CS229 Final Project: An AI approach to fighting financial crime using the UK companies register
-
Corporate informations are downloaded from Company `house, the UK companies registrar.
-
Data from companies is of poor quality and required corrections: (i) names of countries are not standardized and sometimes name of cities or postcodes are entered instead. Use NLP to recognize countries names and clean-up the database. (ii) identical names of individuals and corporate entities are treated wrongly as separate entities in the Company House Database, requiring multiple searches to take place to correct this issue.
-
We convert the raw inputs of the model (nationality and status corporate/individual of the officers and the beneficial owners) for each corporate using a bag of words approach into a vector of size 492, representing (245 countries+ one unknown)* 2. We multiply by 2 to represent an individual officer and a corporate officer.

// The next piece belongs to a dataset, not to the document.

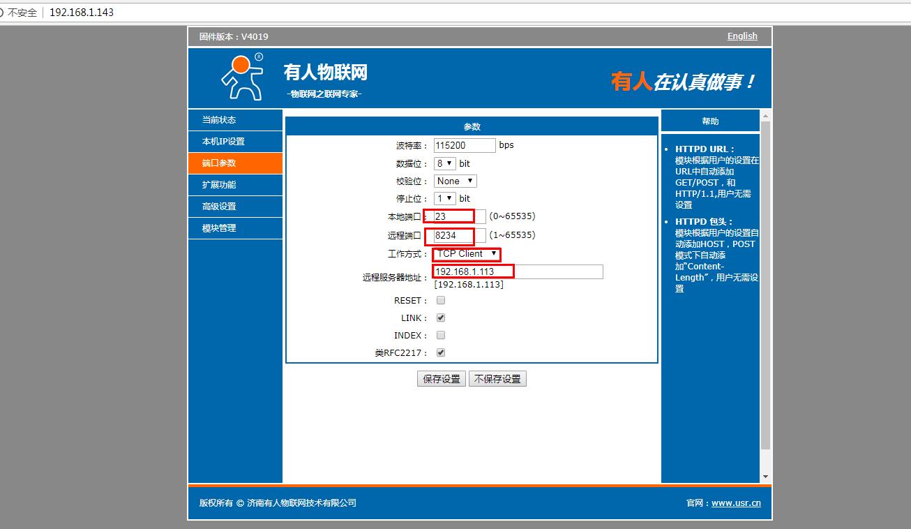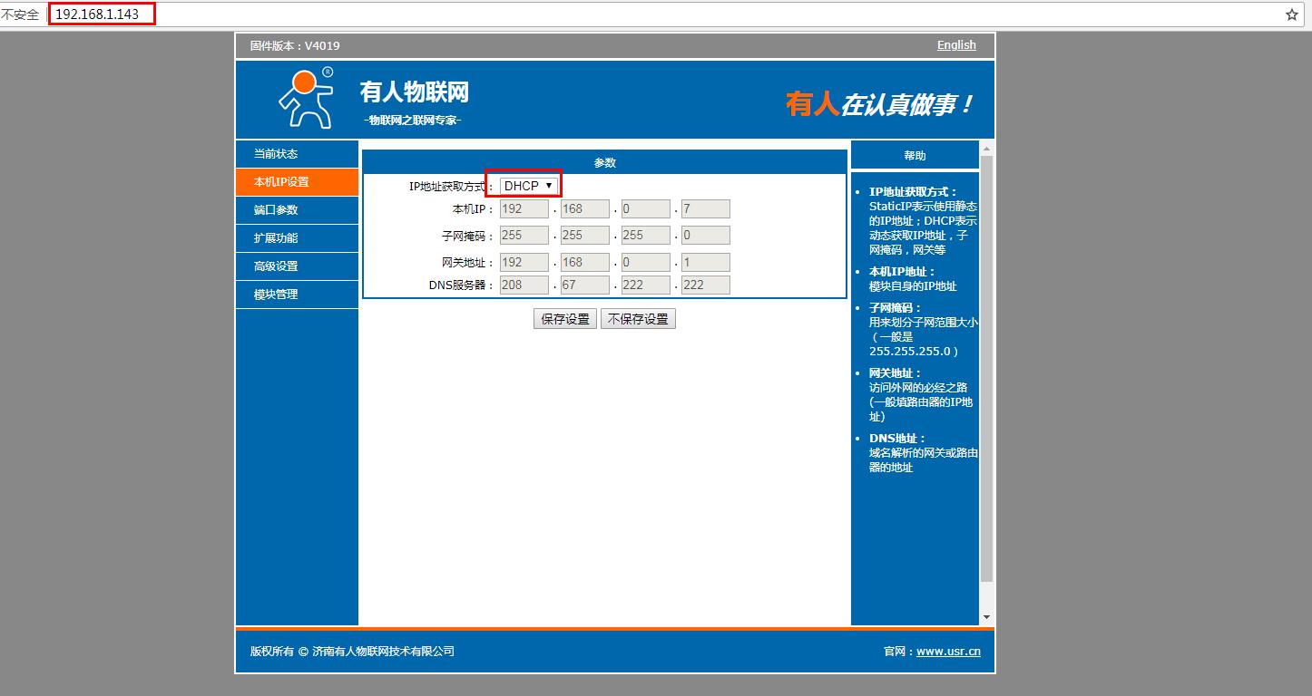 在电脑打开浏览器,输入静态IP192.168.1.143 登录USR-TCP232-304的内置网页。

Given the number of countries, we also created two other vectors: (i) a vector with regions and also included the European Union list of tax havens (American Samoa, Belize, Dominica, Fiji, Guam, Marshall Islands, Oman, Samoa, Trinidad and Tobago, United Arab Emirates, Vanuatu, US Virgin Islands the "Blacklist") as at 17 May 2019: https://ec.europa.eu/taxation_customs/sites/taxation/files/eu_list_update_17_05_2019_en.pdf (ii) a vector with a mix of regions and individual countries (aggregating Africa, Antarctica, North America, South America, Asia, other Oceania and Middle-East), and providing detailed countries for Europe, Eastern Europe and Central Asia, and Caribbean.
-
Using Snorkel, we created four labeling functions and generated the final label for each data point.
-
The dataset has been split between train 90%, dev 5%, and test 5%.
-
The following models have been applied on the train and dev datasets. -SVM: sigmoid, gaussian, 5th and 10th degree polynomial kernels -Logistic regression -NN: containing just fully connected layers with 2, 5 and 10 hidden layers -CNN: LeNet-5 variation for 1D data
-
The most promising models were CNN, 2 hidden layers NN and SVM/Logistic regression
-
Discussion and conclusion We could show that a model can detect patterns in the data indicating companies andlimited partnerships more likely to be involved in money-laundering using the residence and legalpersonality (individual or corporate) of its officers and beneficial owners.